-- Task requirements --
All that is needed is the first stretch of the listing below, repeated exactly and ending with the line that contains "est raciste !". Pictures are to be left out.

Supplied data Block Start

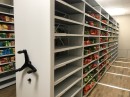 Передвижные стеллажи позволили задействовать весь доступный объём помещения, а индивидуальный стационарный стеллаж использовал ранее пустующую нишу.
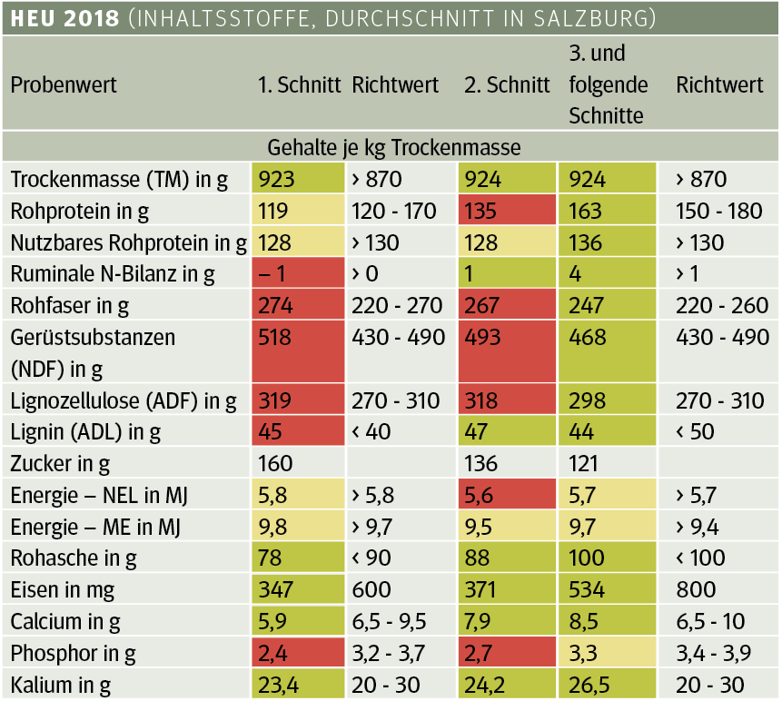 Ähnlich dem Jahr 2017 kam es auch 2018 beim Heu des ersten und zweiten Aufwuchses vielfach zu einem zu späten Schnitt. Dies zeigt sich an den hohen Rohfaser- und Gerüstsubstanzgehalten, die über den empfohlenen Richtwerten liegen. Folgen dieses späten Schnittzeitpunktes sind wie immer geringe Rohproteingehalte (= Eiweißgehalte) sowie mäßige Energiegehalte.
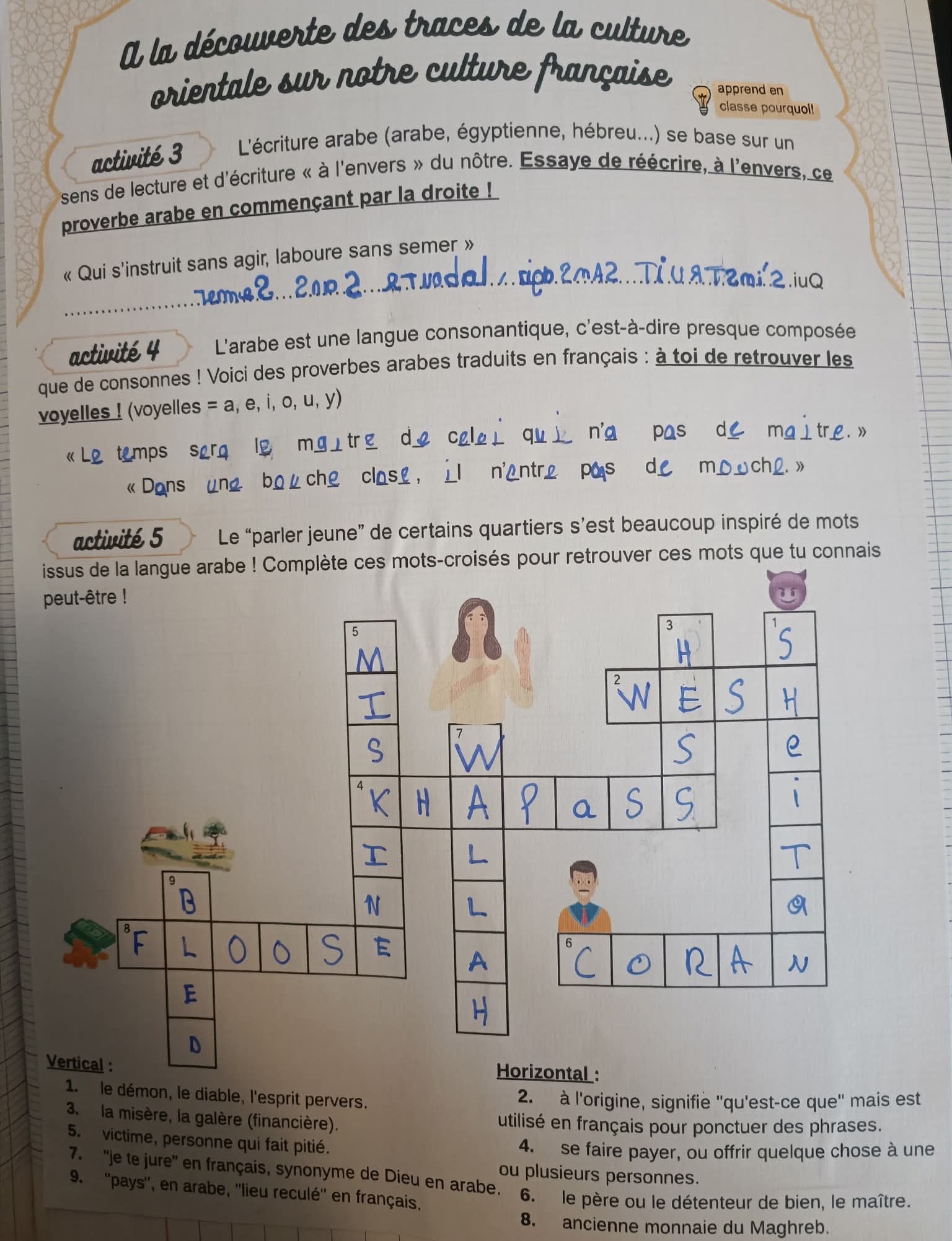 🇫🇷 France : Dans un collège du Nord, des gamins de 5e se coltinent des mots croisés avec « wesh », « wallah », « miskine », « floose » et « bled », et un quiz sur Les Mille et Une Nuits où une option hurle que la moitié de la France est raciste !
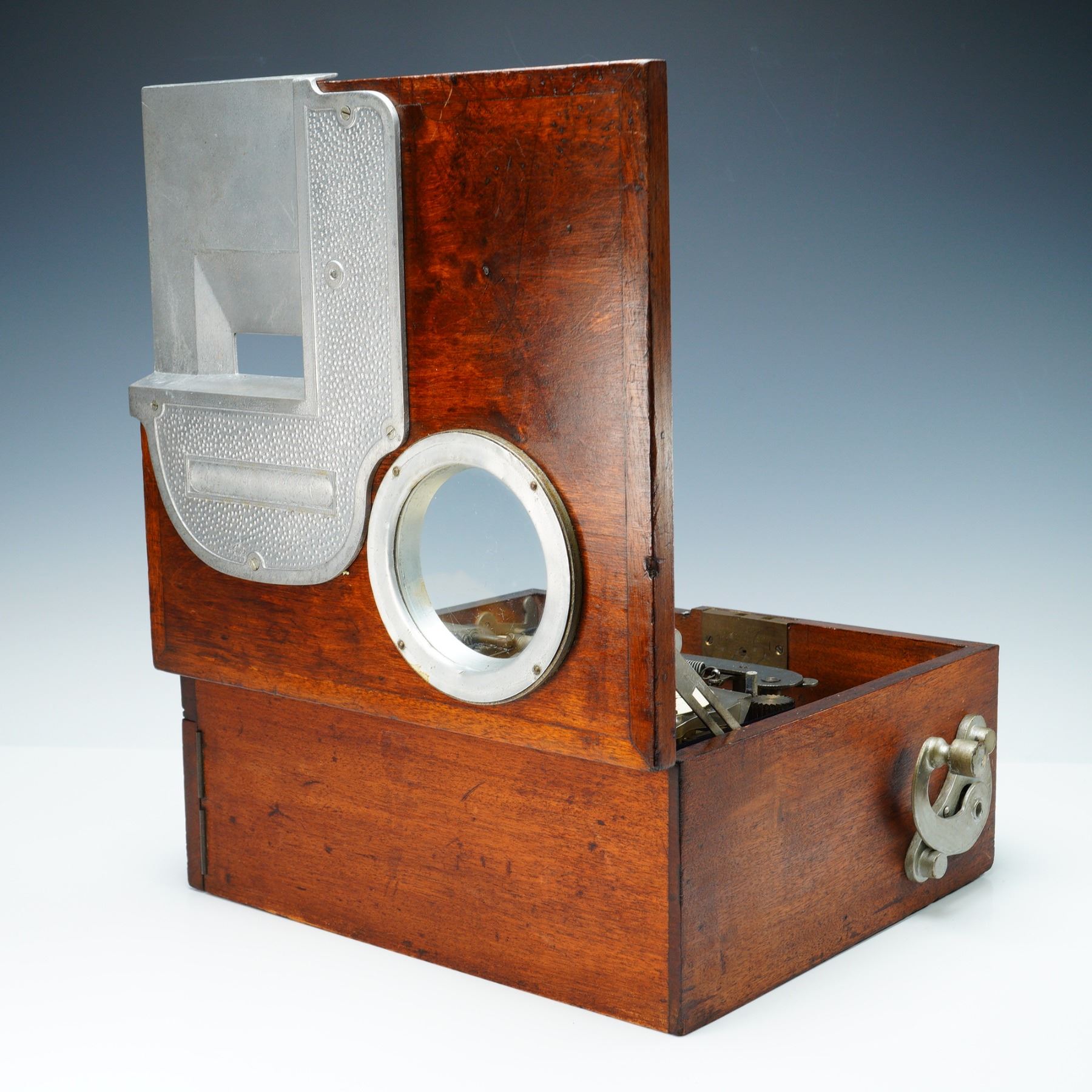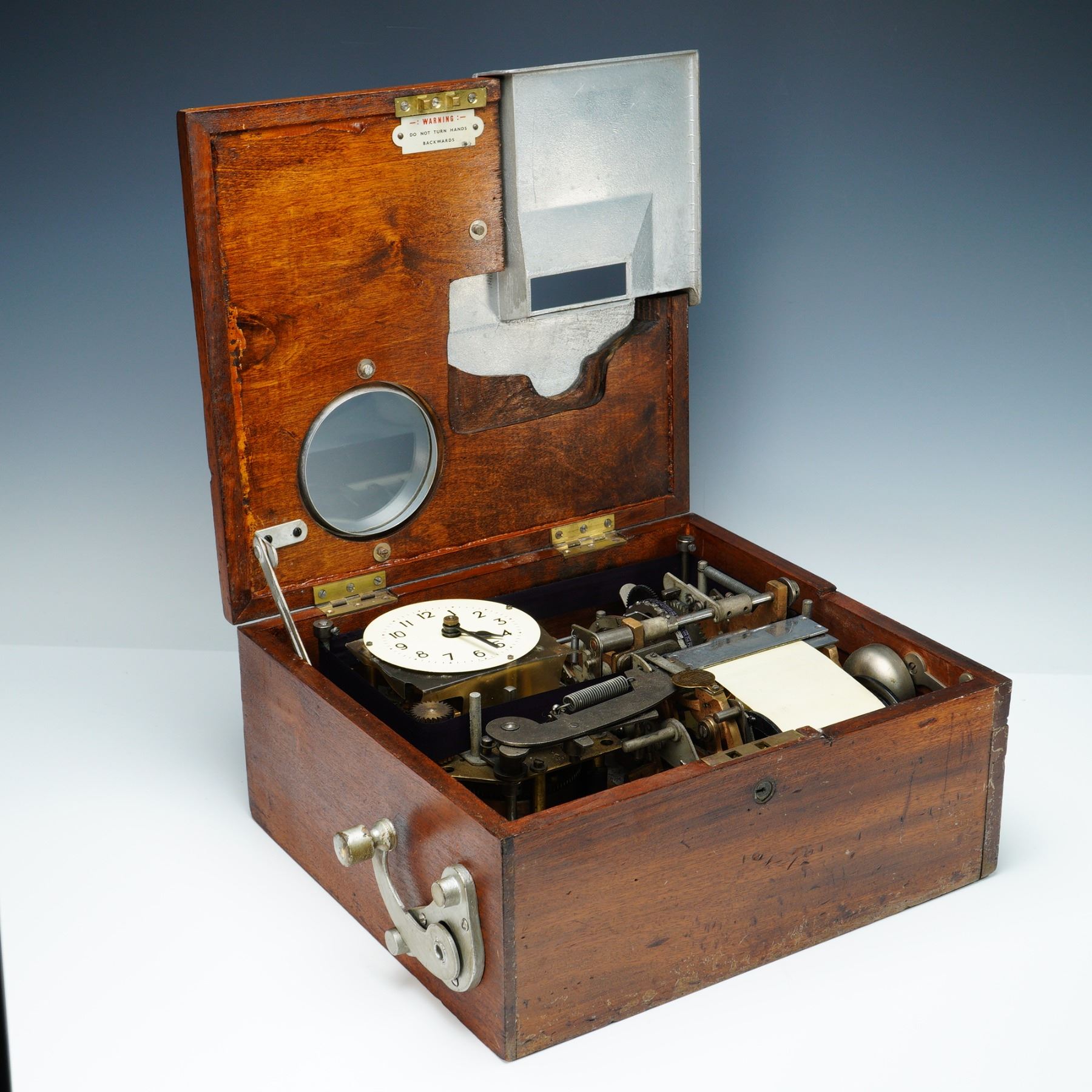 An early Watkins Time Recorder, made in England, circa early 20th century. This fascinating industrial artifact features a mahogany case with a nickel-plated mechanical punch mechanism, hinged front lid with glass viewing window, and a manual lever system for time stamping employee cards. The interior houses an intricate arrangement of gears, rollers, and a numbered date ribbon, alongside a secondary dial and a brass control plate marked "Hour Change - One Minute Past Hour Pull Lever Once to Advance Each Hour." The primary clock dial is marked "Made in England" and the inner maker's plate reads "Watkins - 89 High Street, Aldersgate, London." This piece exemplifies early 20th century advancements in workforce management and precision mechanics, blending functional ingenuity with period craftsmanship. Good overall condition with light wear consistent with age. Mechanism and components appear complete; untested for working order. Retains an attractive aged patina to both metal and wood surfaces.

Supplied data Block End

-- Response --
 Передвижные стеллажи позволили задействовать весь доступный объём помещения, а индивидуальный стационарный стеллаж использовал ранее пустующую нишу.
 Ähnlich dem Jahr 2017 kam es auch 2018 beim Heu des ersten und zweiten Aufwuchses vielfach zu einem zu späten Schnitt. Dies zeigt sich an den hohen Rohfaser- und Gerüstsubstanzgehalten, die über den empfohlenen Richtwerten liegen. Folgen dieses späten Schnittzeitpunktes sind wie immer geringe Rohproteingehalte (= Eiweißgehalte) sowie mäßige Energiegehalte.
 🇫🇷 France : Dans un collège du Nord, des gamins de 5e se coltinent des mots croisés avec « wesh », « wallah », « miskine », « floose » et « bled », et un quiz sur Les Mille et Une Nuits où une option hurle que la moitié de la France est raciste !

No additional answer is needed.